Daisy could well imagine her father’s definition of the word: a gentleman was somebody who’d just helped him out of a jam. Her own mental picture of Pinata showed him as a wizened, beady-eyed old man who smelled of jails and corruption.

“When I explained my situation to Mr. Pinata, he very kindly paid my fine. He’s not in business for his health, though, so of course I have to stay here in his office until I can raise the money to pay him. Two hundred dollars the fine was. I pleaded guilty to get the trial over with in a hurry. No sense in having to come up here from L.A. just to...”

“You’re living in L.A.?”

“Yes. We — I moved there last week. I thought it would be nice to be closer to you, Daisy baby. Besides, the climate in Dallas didn’t agree with me.”

It was the first she’d heard that he’d been living in Dallas. Topeka, Kansas, had been his last address. Dallas, Topeka, Chicago, Toronto, Detroit, St. Louis, Montreal — they were all just names to Daisy, but she knew that her father had lived in all of these places, had walked along their streets, searching for something that was always a few hundred miles farther on.

“Daisy? You can get the money, can’t you? I gave Pinata my solemn promise.”

“I can get it.”

“When? The fact is, I’m in kind of a hurry. I have to get back to L.A. tonight — someone’s expecting me — and as you know, I can’t leave Pinata’s office until I pay up.”

“I’ll come down right away.” Daisy could see him waiting in the office, Pinata’s prisoner, not a free man at all. He had merely changed jails and jailers the way he changed towns and people, never realizing he would always be in bondage. “Where is the office?”

She could hear him consulting Pinata: “Just where is this place anyway?” And then Pinata’s voice, surprisingly young and pleasant for an old man who’d spent his life hanging around jails: “107 East Opal Street, between the 800 and 900 blocks of State Street.”

Her father repeated the directions, and Daisy said, “Yes, I know where it is. I’ll be down in half an hour.”

“Ah, Daisy baby, you’re a good girl, a good daddy-loving girl.”

“Yes,” Daisy said wearily. “Yes.”

Fielding put down the telephone and turned to Pinata, who was sitting at his desk writing a letter to his son, Johnny. The boy, who was ten, lived in New Orleans with his mother, and Pinata saw him only for a month out of every year, but he wrote to him regularly each week.

Pinata said, without looking up, “Is she coming?”

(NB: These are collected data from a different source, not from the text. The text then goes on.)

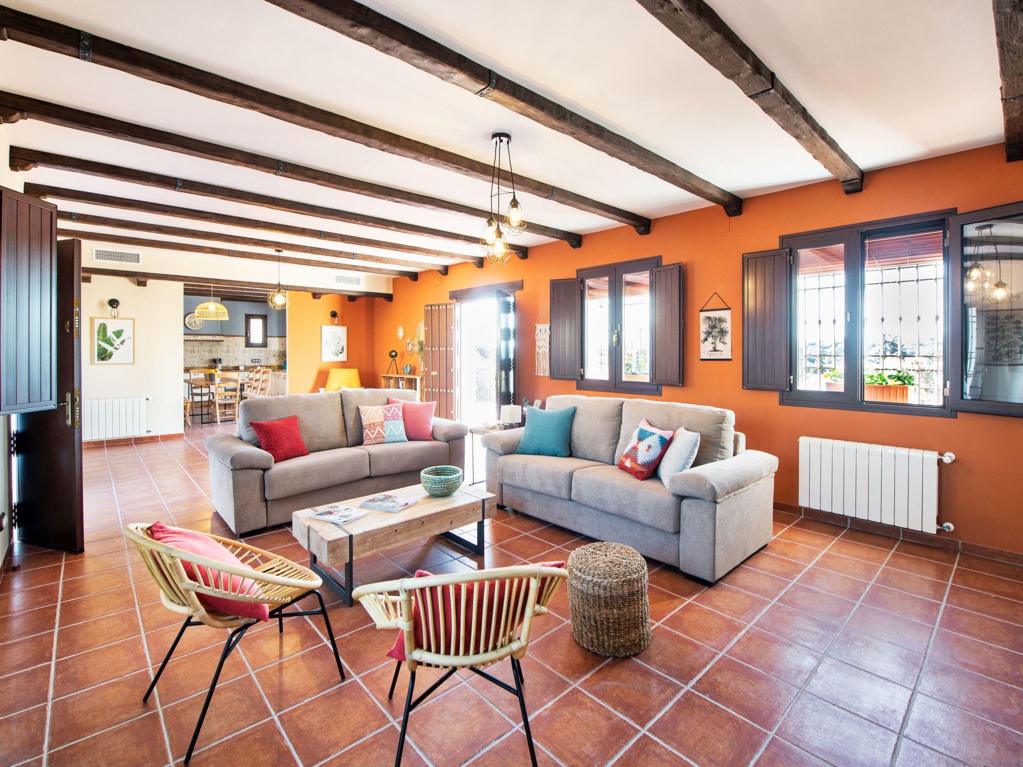 The house has capacity for 8 people, distributed in four double rooms, with the following facilities and services: - Spacious living room with wood-burning fireplace. - Fully equipped kitchen-dining room. - Four bedrooms with their own bathroom. One of them has a bathroom fully adapted for disabled people. - Central heating and air conditioning in every room. - Salt water swimming pool. - Barbecue and wood oven at the back of the house. A second barbecue with wood-burning cooker located in an open space at the front of the house. - Large terrace in front of the kitchen-dining room and living room with wonderful views. - Children's playground. - Football pitch. - Baby bath and high chair for children. - Vegetable garden. - Mobile phone coverage and Internet access via a Wifi network. - Change of bed linen and towels every 3 nights. - Pets allowed (dogs and cats only).
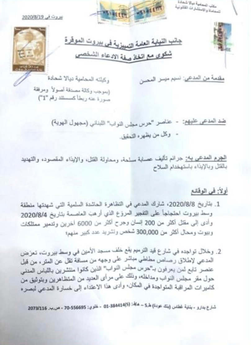 تقدّم نسيم ميسر محسن بشكوى ضدّ عناصر حرس مجلس النواب بجرم تأليف عصابة مسلحة ومحاولة القتل والايذاء المقصود والتهديد بالقتل باستخدام السلاح.
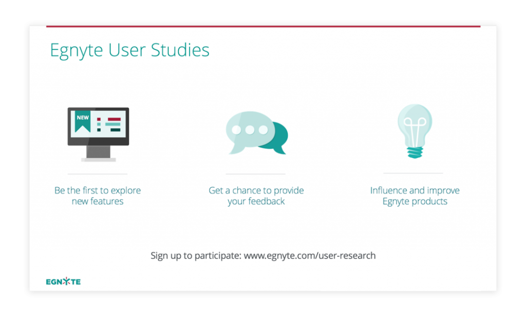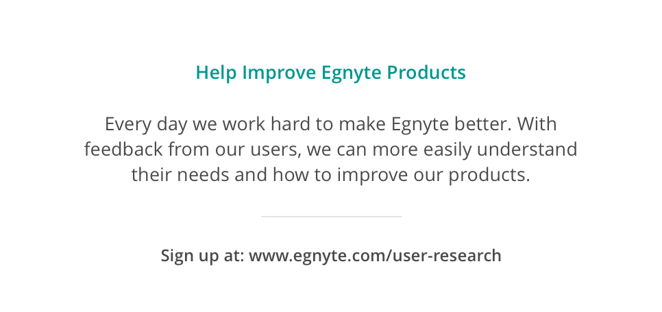 Recruitment is the first step User research recruitment is just the first step in the user research process, but a step that may set people back. Once we recruited participants, we had a gentle push to move forward with the research process. We used that momentum to set up a user research process that works for our team and iterate on our recruitment methods. Hopefully, this article sheds some light onto our recruitment process at Egnyte. If any part of this article resonated with you and you want to help us out, please sign up to participate in Egnyte User Studies.
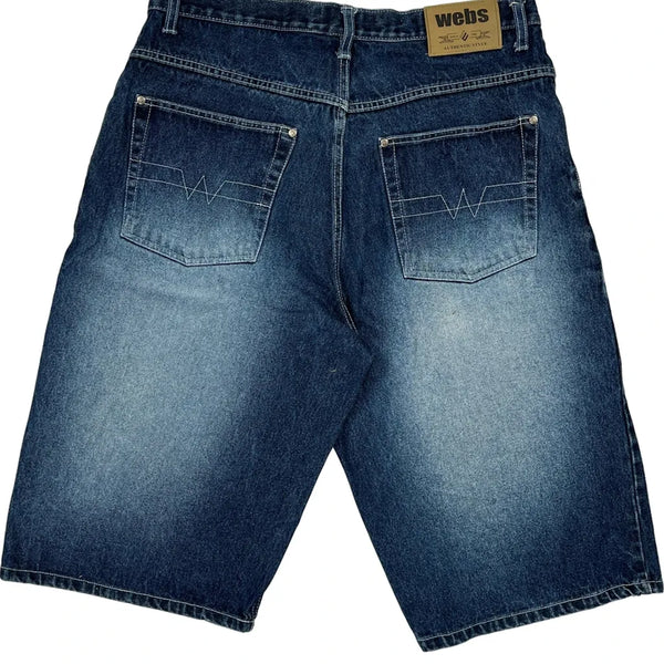Webs Denim Shorts, fit a 34″ Waist and 11″ inseam.
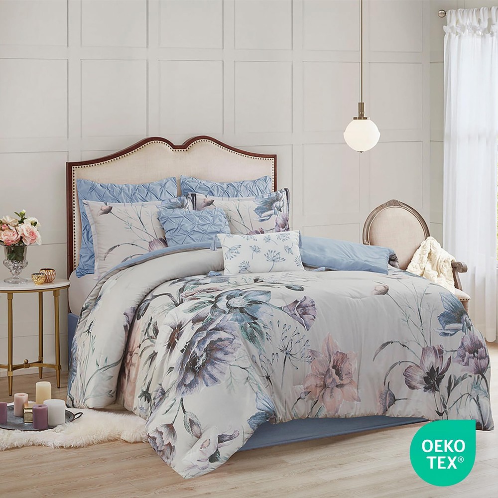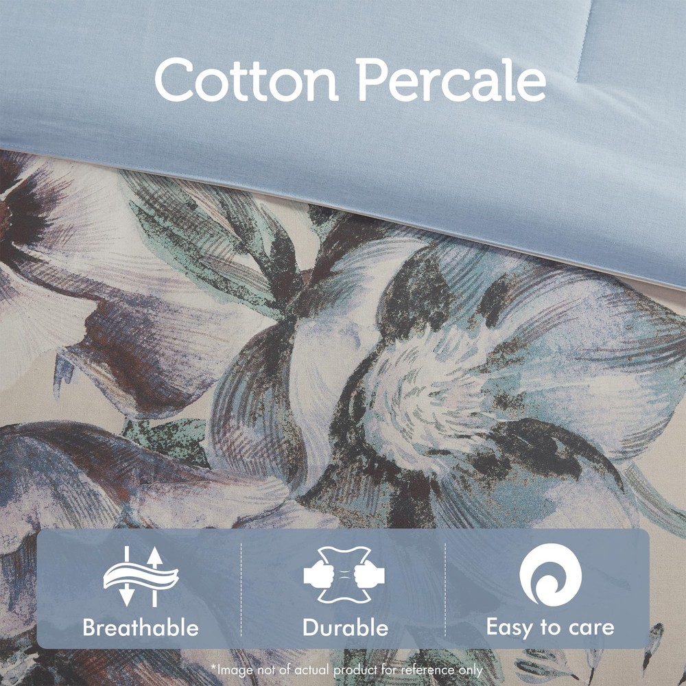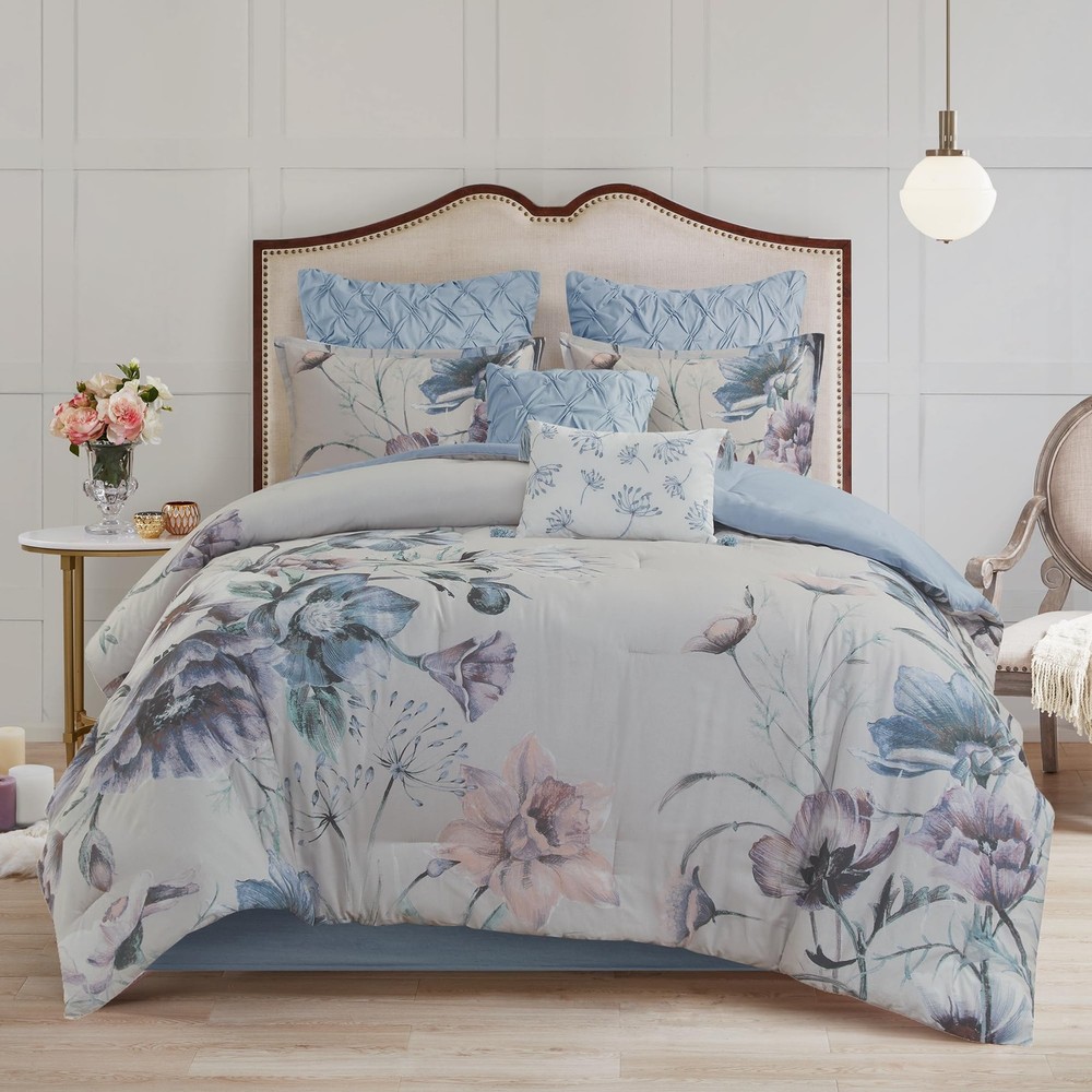 COMFORTER SET: The Cassandra 8 Piece Cotton Printed Comforter Set offers a beautiful shabby chic approach and romantic allure to your bedroom. Soft and breathable cotton cover with ample filling will give all season comfort DESIGN: The cotton face, cotton/polyester back comforter and shams feature a large floral print, in soft blue hues, creating a gorgeous look COMFORT: Soft & naturally breathable and lightweight cotton poly blend fabric comforter for a perfect all season bedding Set includes: 1 Comforter: 104"W x 92"L, 2 King Shams: 20"W x 36"L + 2"D, 1 Bedskirt: 78"W x 80"L + 15"D, 2 Euro Shams: 26"W x 26"L, 1 Decorative Pillow: 18"W x 18"L, 1 Decorative Pillow: 12"W x 18"L CARE: machine washable, spot clean pillow. For best result recommended to use commercial size washer and dryer
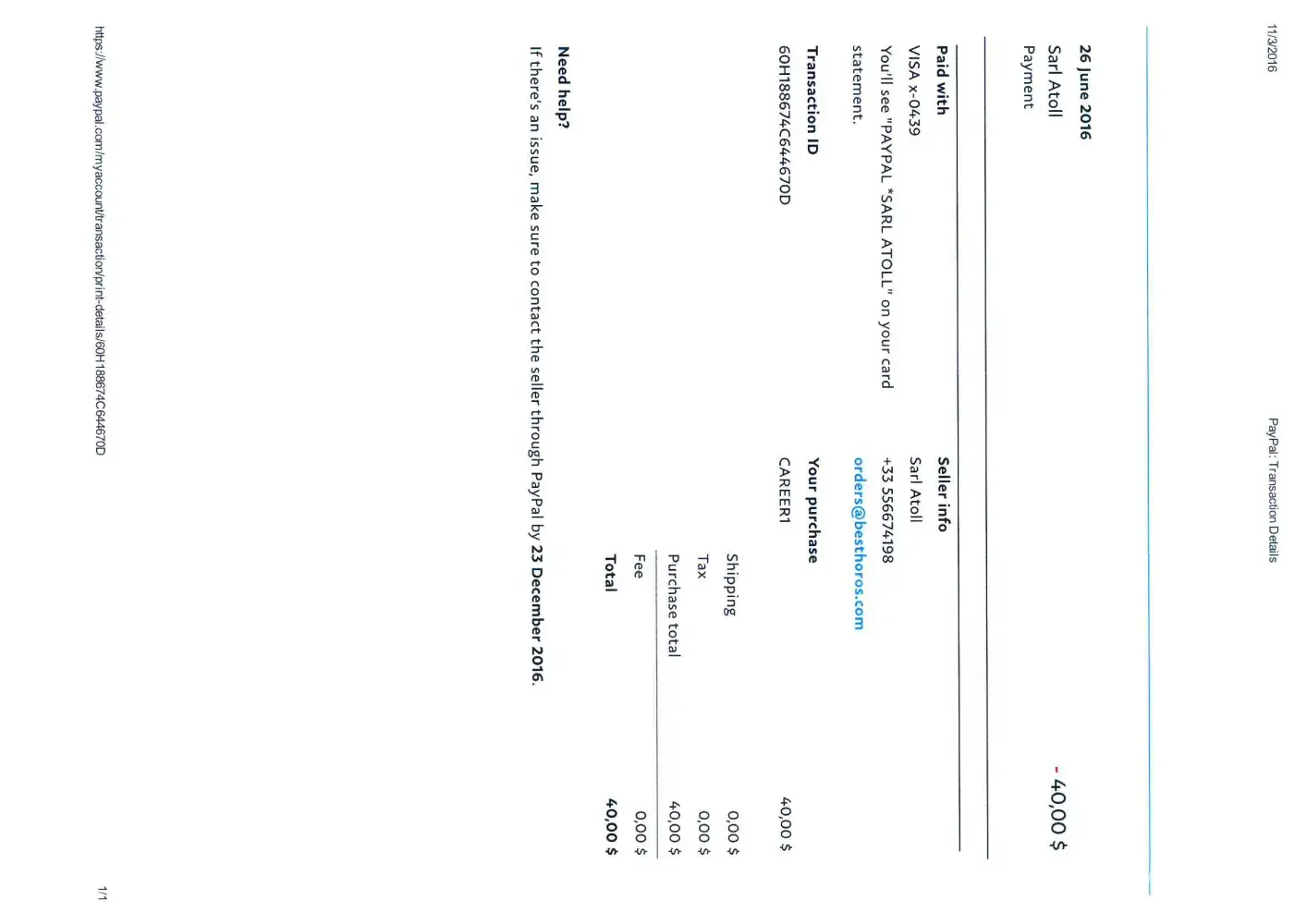 I had also attached the paypal receipt.
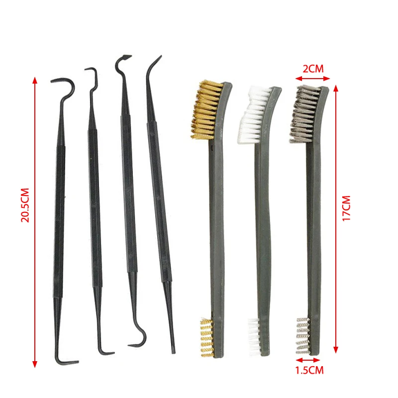 7 шт.компл. универсальный набор для чистки оружия, 3 щетки из стальной проволоки, 4 нейлоновых набора для охоты, тактического пистолета

“Certainly she’s coming. Right away. I told you she would, didn’t I?”

“What people like you tell me I don’t always believe.”

“I could take exception to that remark but I won’t, because I’m feeling good.”

“You should be. You’ve gone through a pint of my bourbon.”

“I called you a gentleman, didn’t I? Didn’t you hear me tell Daisy you were a gentleman?”

“So?”

“No gentleman ever begrudges a drink to a fellow gentleman in distress. That’s one of the rules of civilized society.”

“It is, eh?” Pinata finished his letter: Be a good boy, Johnny, and don’t forget to write. I enclose five dollars so you can buy your mother and your little sister a nice valentine. Best love from your loving Dad.

He put the letter in an envelope and sealed it. He always had a sick, lost feeling when he wrote to this boy who was his only known relative; it made him mad at the world, or whatever part of the world happened to be available at the moment. This time it was Fielding.

Pinata pounded an airmail stamp on the envelope and said, “You’re a bum, Foster.”

“Fielding, if you please.”

“Foster, Fielding, Smith, you’re still a bum.”

“I’ve had a lot of hard luck.”

“For every ounce of hard luck you’ve had, I bet you’ve passed a pound of it along to other people. Mrs. Harker, for instance.”

“That’s a lie. I’ve never harmed a hair on Daisy’s head. Why, I’ve never even asked her for money unless it was absolutely necessary. And it’s not as if she can’t afford it. She made a very good marriage — trust Mrs. Fielding to see to that. So what if I put the bite on her now and then? When you come right down to it...”

“Don’t bother coming right down to it,” Pinata said. “You bore me.”

Fielding’s lower lip began to pout as if it had been stung by the word. He hadn’t minded so much being called a bum since there was some truth in the statement, but he’d never considered himself a bore. “If I’d known that was your opinion of me,” he said with dignity, “I’d never have drunk your liquor.”